First a very thorough clean-down was in order. I applied a coat of fungicide to the walls to start killing the algae growing there, then CAREFUL use of a pressure washer to knock off all flaking or poorly adhering lime-wash without damaging the delicate lime render underneath. I made few repairs to the render, and then another dose of fungicide applied to the clean surface to make sure no algae was left hiding in the cracks.

The particular Beeck system I used comprises 3 parts:

  • FIXATIVE. This looks like water, but is pure crystaline finish without the pigment.
  • QUARTZ FILLER. An aggregate suspended in the finish, it smoothes out the texture of a rough surface, and fills minor cracks. Rather like textured masonry paint.
  • BEECKOSIL. The top coat which has the colour in.
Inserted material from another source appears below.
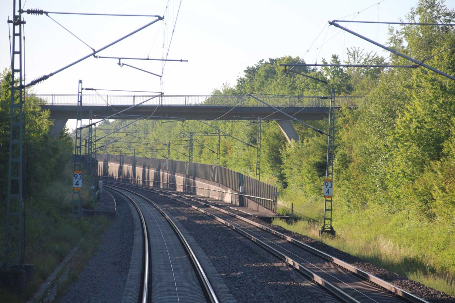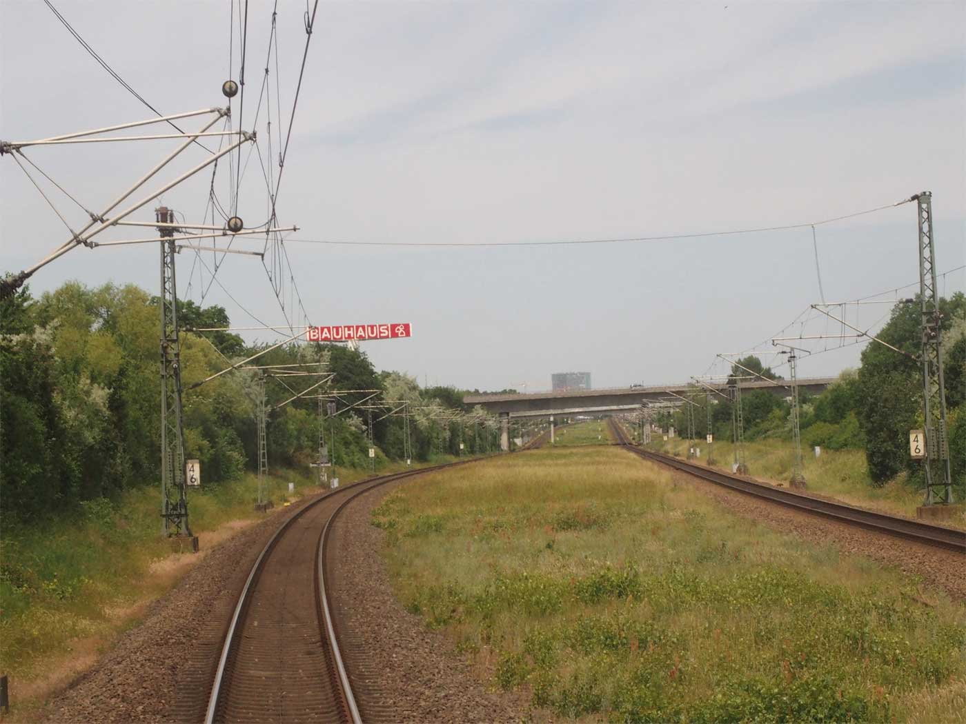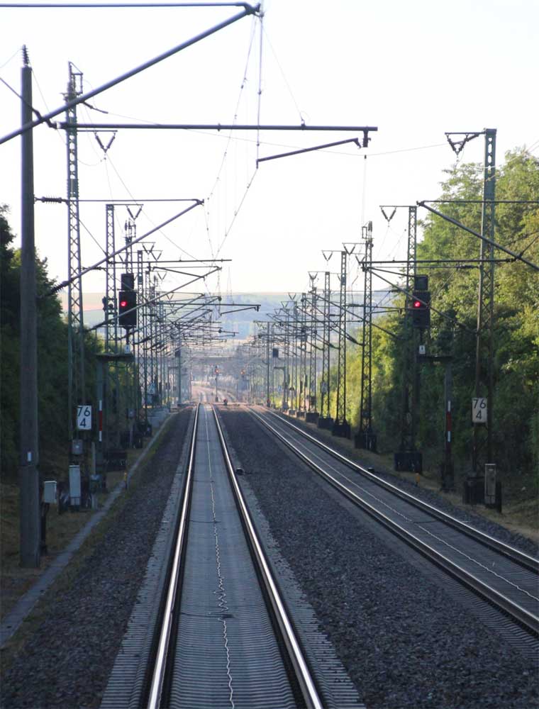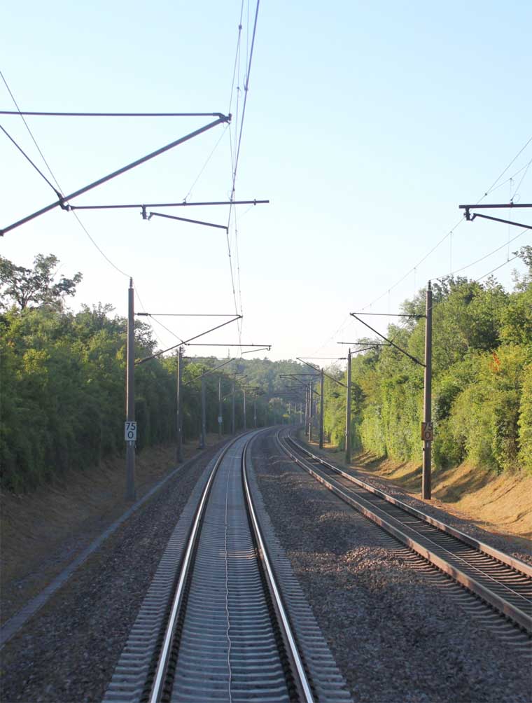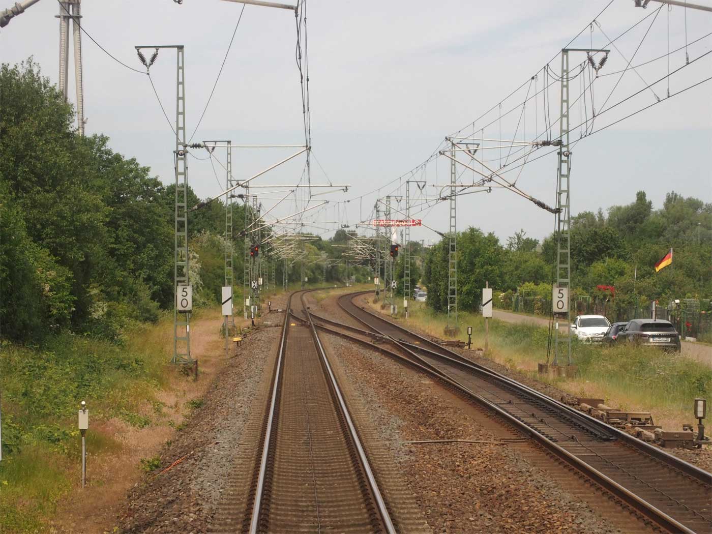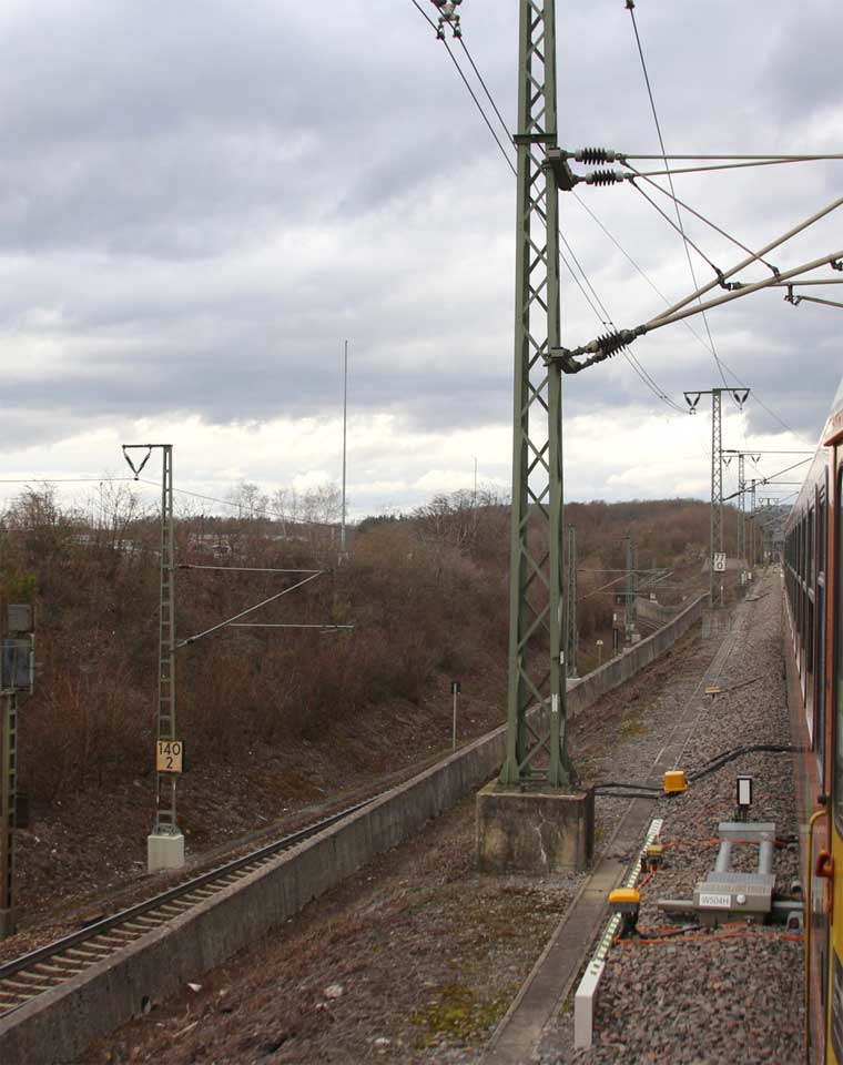 Ganz rechts das Gegenrichtungsgleis der Strecke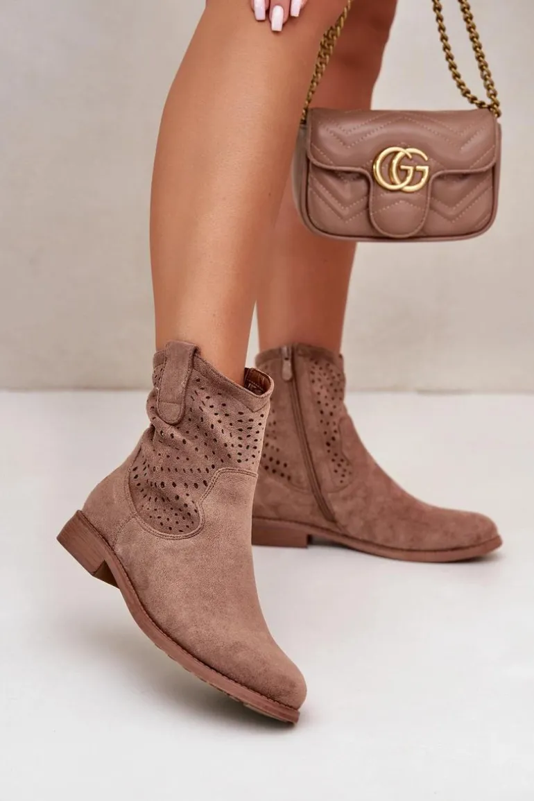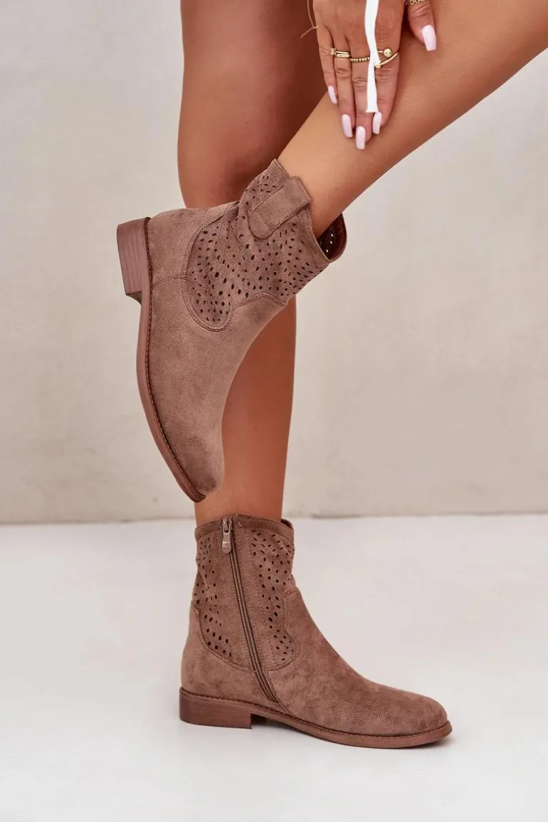 Ażurowe botki damskie idealnie dopełnią niemalże każdą codzienną stylizację! Wykonane z eko zamszu. Osadzone na płaskim, stabilnym obcasie. Noski zaokrąglone. Cholewka przed kolano, zapinana na zamek. Dodatkowo model ten posiada usztywniany zapiętek. Koniecznie powinnaś je mieć! Przy wyborze rozmiaru prosimy sugerować się tabelą rozmiarów.

Beeck recommend Fixative diluted with water to bind crumbly or powdery surfaces. The lime render on this building was a bit sandy where the rain had damaged it. It goes without saying, the walls were very dry so that they soaked up the solution like a sponge.


I next brushed on a coat of Quartz filler thinned with Fixative. It leaves a textured finish that really hides the uneven surface texture where the old limewash had flaked off. Also, the “scraping” action of a brush really forces the filler into the cracks so that most fine cracks do not need any pre-filling and were invisible after the application.

Finally the top coat. Much more the consistency of a “normal” paint, two coats make sure everything is covered.

Another successful mineral paint over old limewash job completed. I’ve just got to wait 10 years to prove it lasts at least as long as I said it would!